Build demo warehouse context
Database ingest artifacts are written under raw-sources/warehouse/<syncId>/
in the project directory.
ktx ingest warehouse --project-dir "$PROJECT_DIR" --fast
ktx status --project-dir "$PROJECT_DIR"
For non-SQLite drivers, prefer credential references such as --url env:NAME
or --url file:PATH over literal credential URLs.
Managed Python runtime
KTX installs its Python runtime only when a Python-backed command needs it.
The runtime lives outside the npm cache, is versioned by the installed CLI
version, and is managed by ktx dev runtime commands.
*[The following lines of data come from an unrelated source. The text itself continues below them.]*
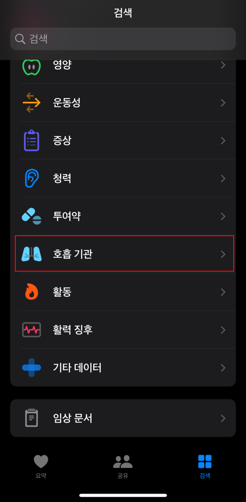 아이폰에서 건강 검색을 탭 하면 건강과 관련된 여러 항목이 나오는데 호흡 기관을 선택하면 혈중 산소 설정으로 넘어가게 됩니다.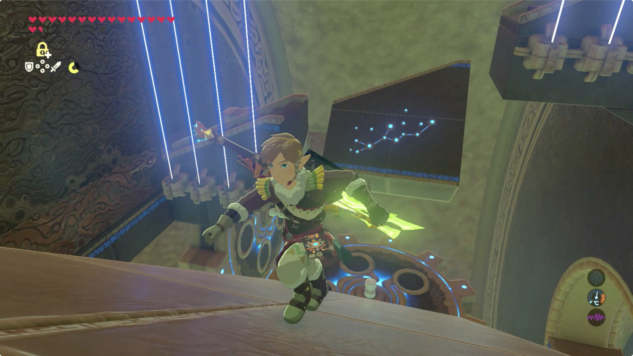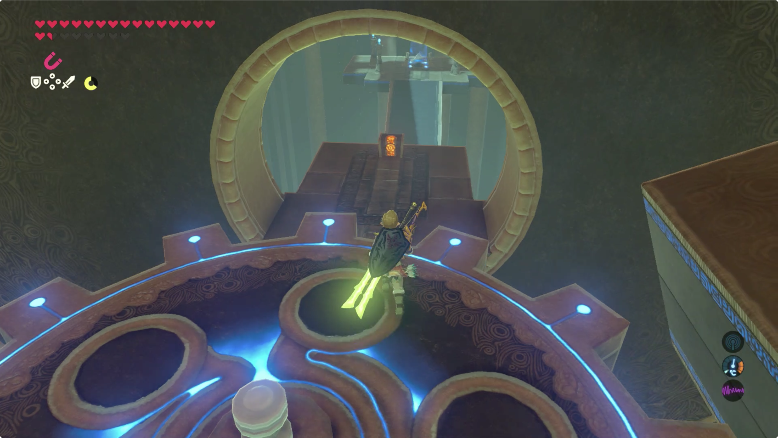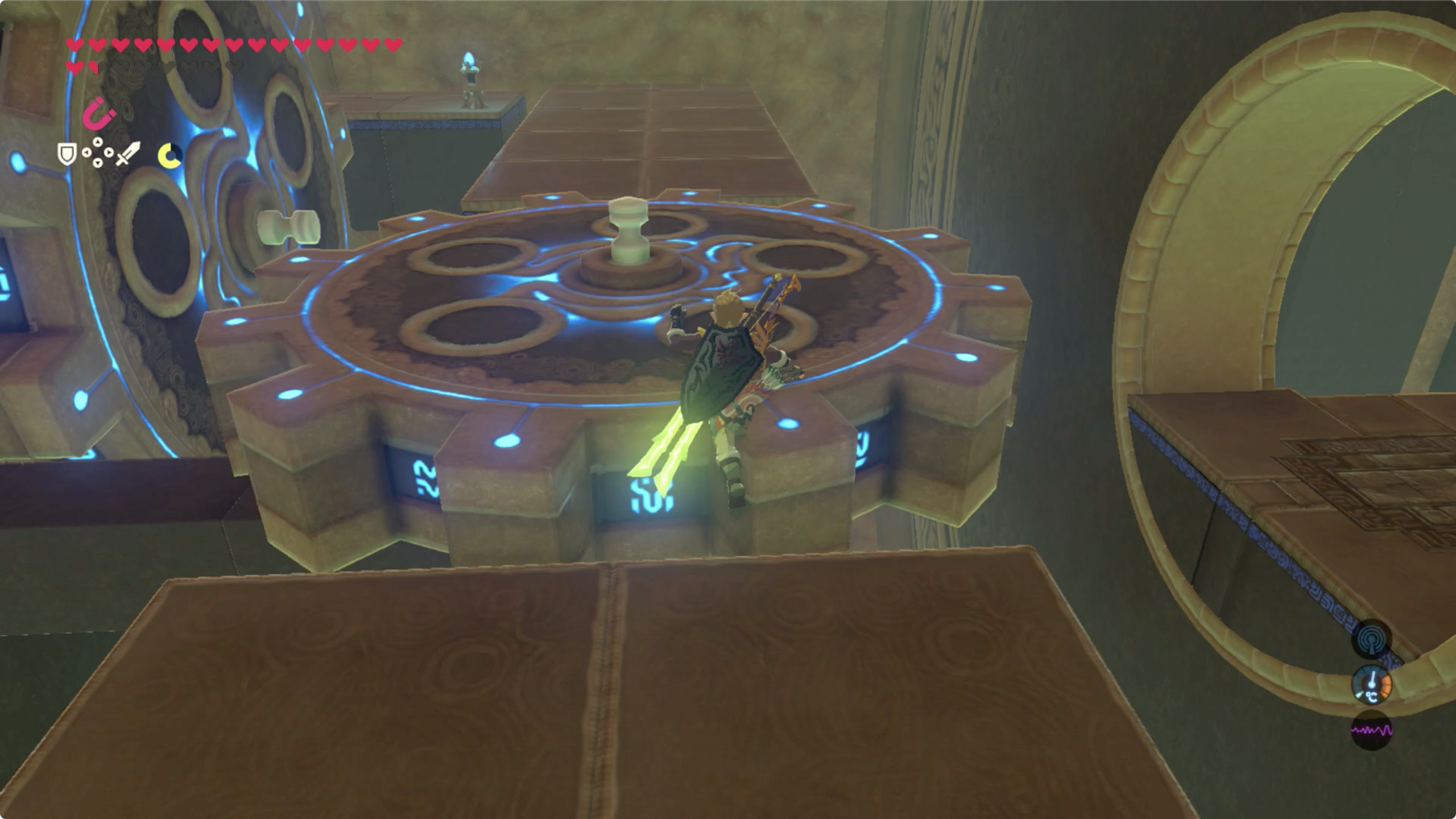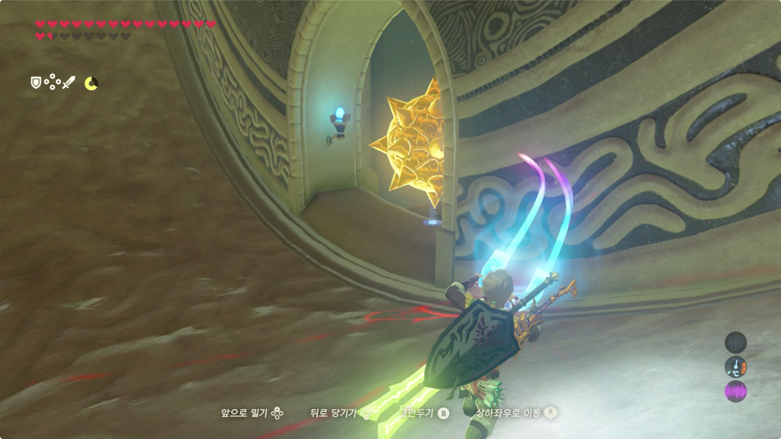 이제 중앙쯤에 서있으면 기둥이 돌면서 링크를 태우고 발판이 되어 줍니다.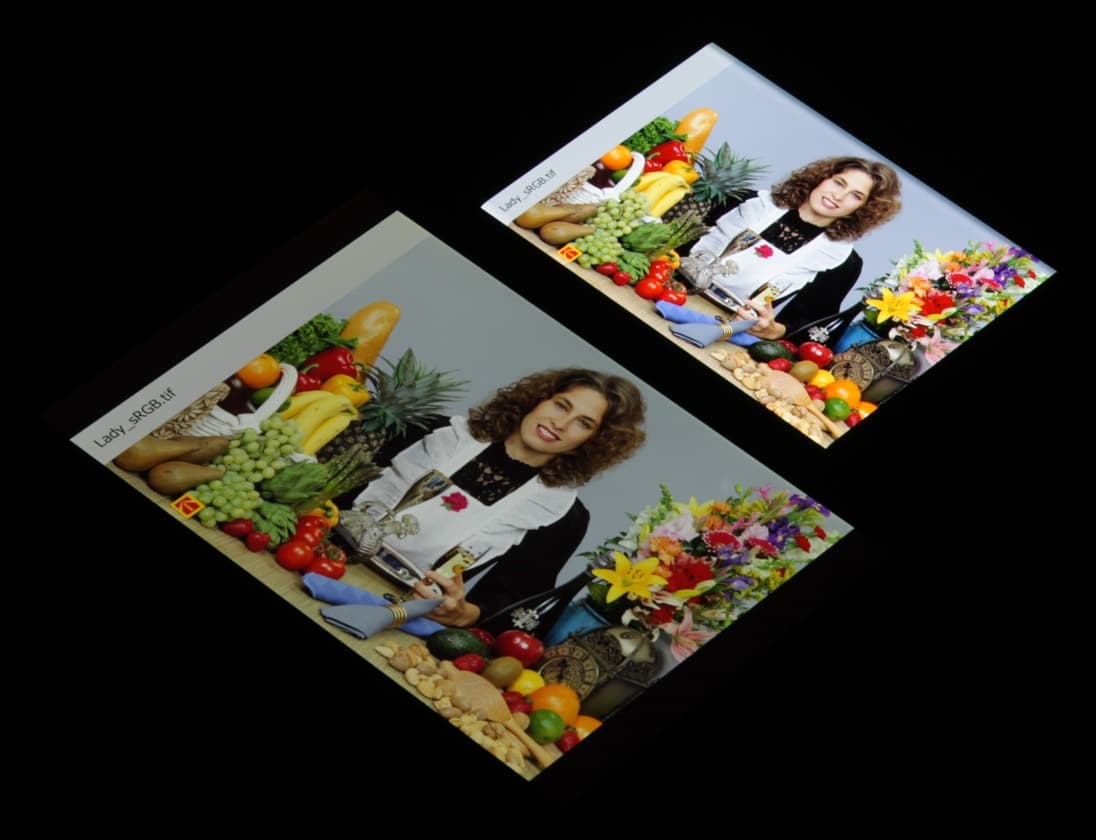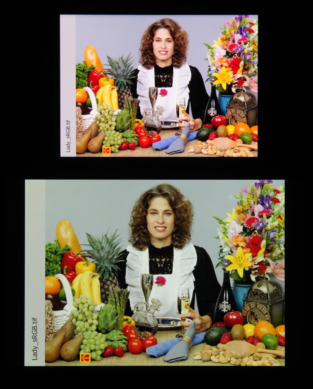 Отметим, что на экранах с широким цветовым охватом (без соответствующей коррекции) цвета́ обычных изображений, оптимизированных для устройств sRGB, выглядят неестественно насыщенными. Отсюда и рекомендация: в большинстве случаев смотреть кино, фотографии и все естественное лучше при выборе профиля Естественные цвета, и только если фотография или видеоматериал сделаны с охватом DCI, принятым в цифровом кинематографе, имеет смысл переключить профиль на Насыщенные цвета.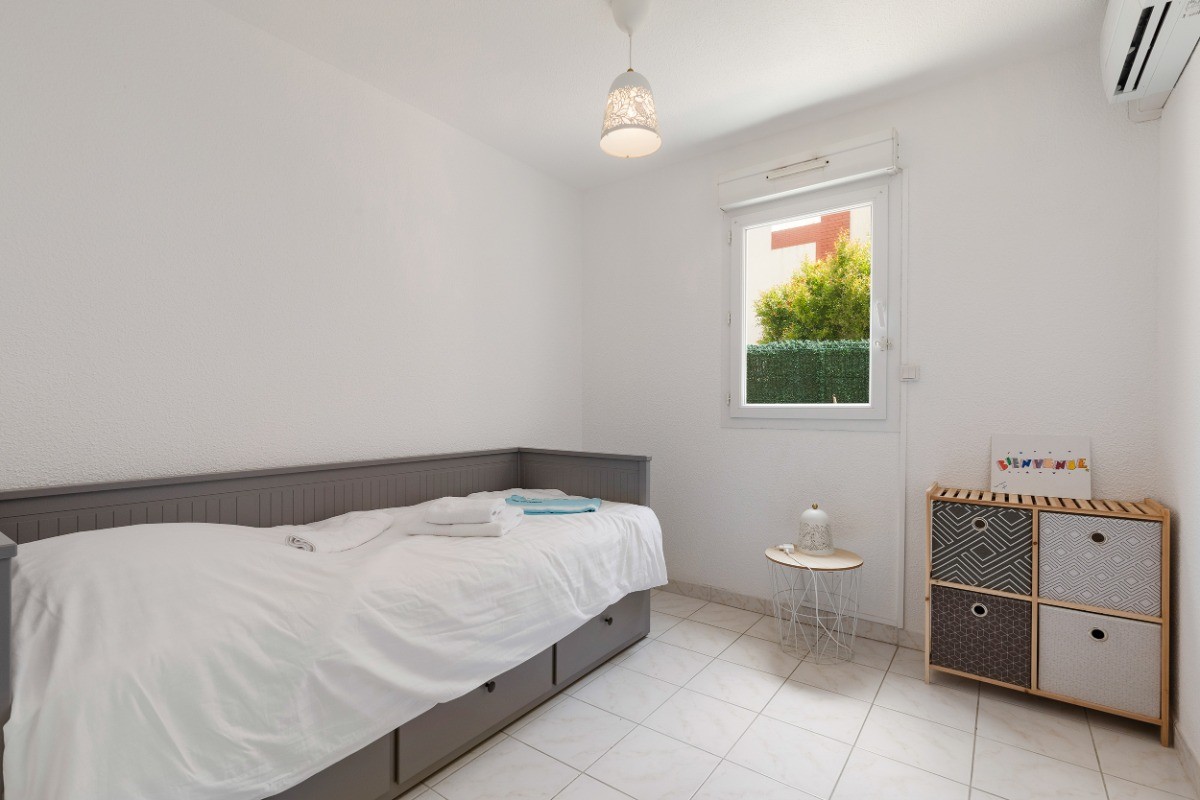 LES CHAMBRES : 2 d’entre elles sont équipées de 2 lits simples (80×200) et (90×200) pouvant être transformés en 1 lit double . La 3ème chambre , idéale pour les enfants est équipée d’un lit gigogne (160/200 déplié) .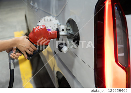 自動車イメージ 車の給油口と赤いノズル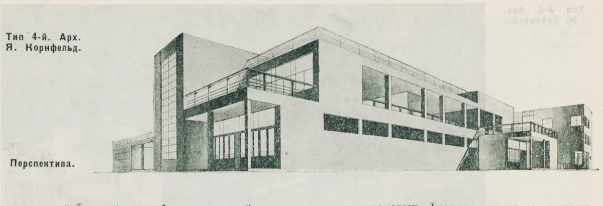 С сентября 1927 года Я. А. Корнфельд осуществлял надзор за строительством клубных зданий в Комиссии профсоюза текстильщиков и занимался собственным проектированием. Летом 1927 года он работает над заказом проекта нового Клуба 4-го типа на 1500 мест для текстильных фабрик в Орехово-Зуево и Раменском. После небольшого конкурса комиссией были утверждены два варианта — удовлетворительными и пригодными для типового строительства после внесенных изменений, были признаны проекты архитекторов и В. А. Щуко и Я. А. Корнфельда, поскольку последний был разработан с учетом замечаний комиссии, в планировочном решении оба варианта имеют сходные решения.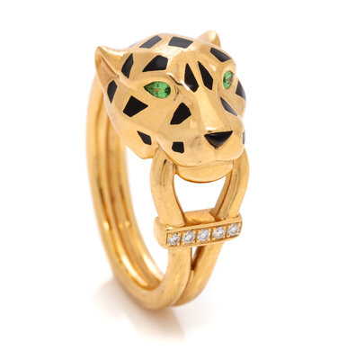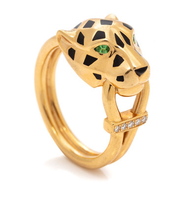Consisting of a panther head with black lacquer spots, two tsavorite garnet eyes and five round brilliant cut diamonds.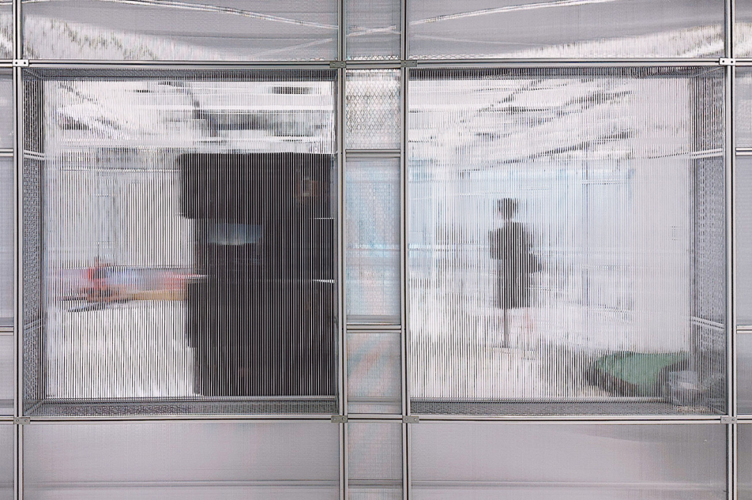 In order to prevent the windowless space from appearing oppressive, we used double-layer sun panels on the outer layer of the outer frame. The purpose of doing so is to make the boundaries of the space appear and disappear while maintaining a certain level of privacy. This design creates an ambiguous and romantic feeling of 'you stand on the bridge to see the scenery, and the person watching the scenery stands upstairs to see you', filling the entire space with mystery and imagination.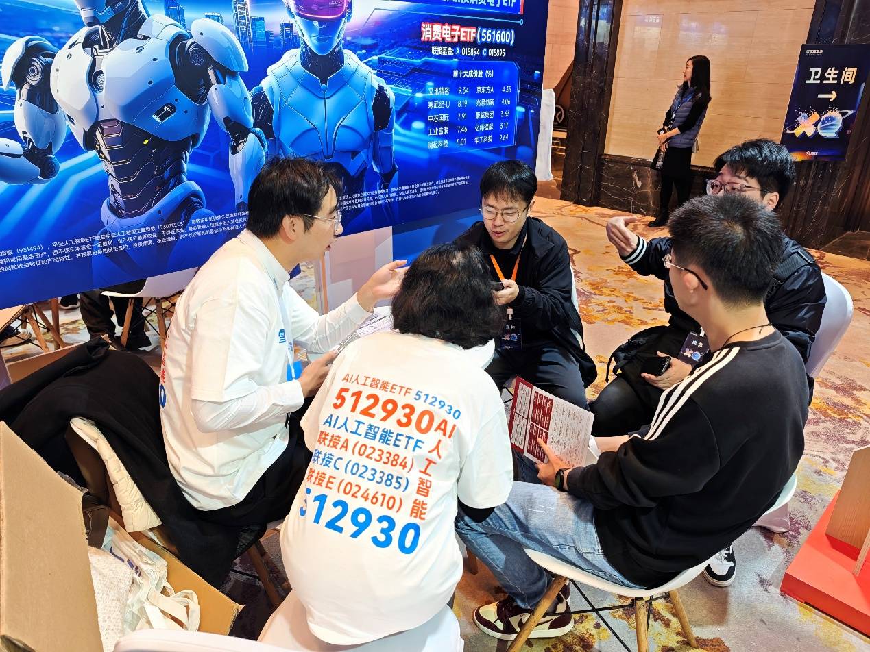 活动期间,平安基金展台整体设计简洁而富有科技感,紧扣“破局・重构” 主题,以蓝色为主色调,搭配动态电视屏滚动展示旗下重点行业主题ETF及公司公益支教项目相关视频,展板也特别展示了AI人工智能ETF(512930) 和消费电子ETF(561600) 等前沿科技赛道产品,吸引了大量投资者驻足了解。

KTX requires uv on PATH to create the managed runtime. Install uv with
your system package manager or the official installer before running Python-
backed KTX commands. KTX doesn't download uv automatically; run
ktx dev runtime status if runtime installation fails:
ktx dev runtime install --yes
ktx dev runtime status
ktx dev runtime start
ktx dev runtime stop
The release artifact manifest contains the public npm tarball and the bundled kaelio-ktx
runtime wheel. The python/ktx-sl and python/ktx-daemon directories remain
source packages for development, not public release artifacts.
Use KTX with agents
KTX integrates with coding agents through CLI skills. The setup wizard configures this automatically.
CLI skills - the agent calls ktx commands directly through a skill file
installed in your agent's config (e.g., .claude/skills/ktx/SKILL.md):
ktx sl query --measure orders.revenue --dimension orders.status --format sql
ktx wiki search "revenue definition"
ktx sl validate orders
Supported agents: Claude Code, Codex, Cursor, OpenCode, and any agent that
reads .agents/ skills.
Workspace packages
| Package | Purpose |
|---|---|
packages/cli |
CLI entry point |
packages/context |
Core context engine |
packages/llm |
LLM and embedding providers |
packages/connector-bigquery |
BigQuery scan connector |
packages/connector-clickhouse |
ClickHouse scan connector |
packages/connector-mysql |
MySQL scan connector |
packages/connector-postgres |
Postgres scan connector |
packages/connector-snowflake |
Snowflake scan connector |
packages/connector-sqlite |
SQLite scan connector |
packages/connector-sqlserver |
SQL Server scan connector |
python/ktx-sl |
Semantic-layer query planning |
python/ktx-daemon |
Portable compute service |
Development
git clone https://github.com/kaelio/ktx.git
cd ktx
pnpm install
uv sync --all-groups
pnpm run build
pnpm run check
Use the development CLI for local testing:
pnpm run setup:dev
pnpm run link:dev
ktx-dev --help
Debug LLM traces
KTX can capture local AI SDK DevTools traces for LLM calls that run through the KTX provider. Enable it with an environment flag when running an LLM-backed command:
KTX_AI_DEVTOOLS_ENABLED=true ktx ingest warehouse --project-dir "$PROJECT_DIR" --deep
Traces are written to .devtools/generations.json under the current working
directory. To inspect them, run:
pnpm dlx @ai-sdk/devtools
Then open http://localhost:4983. These traces are local-development-only and
store prompts, model outputs, tool arguments/results, and raw provider payloads
in plain text. Do not enable this in production or for sensitive runs.
The repository uses pnpm for TypeScript packages and uv for Python
packages. See Contributing
for full development setup, testing, and PR guidelines.
License
KTX is licensed under the Apache License, Version 2.0. See LICENSE.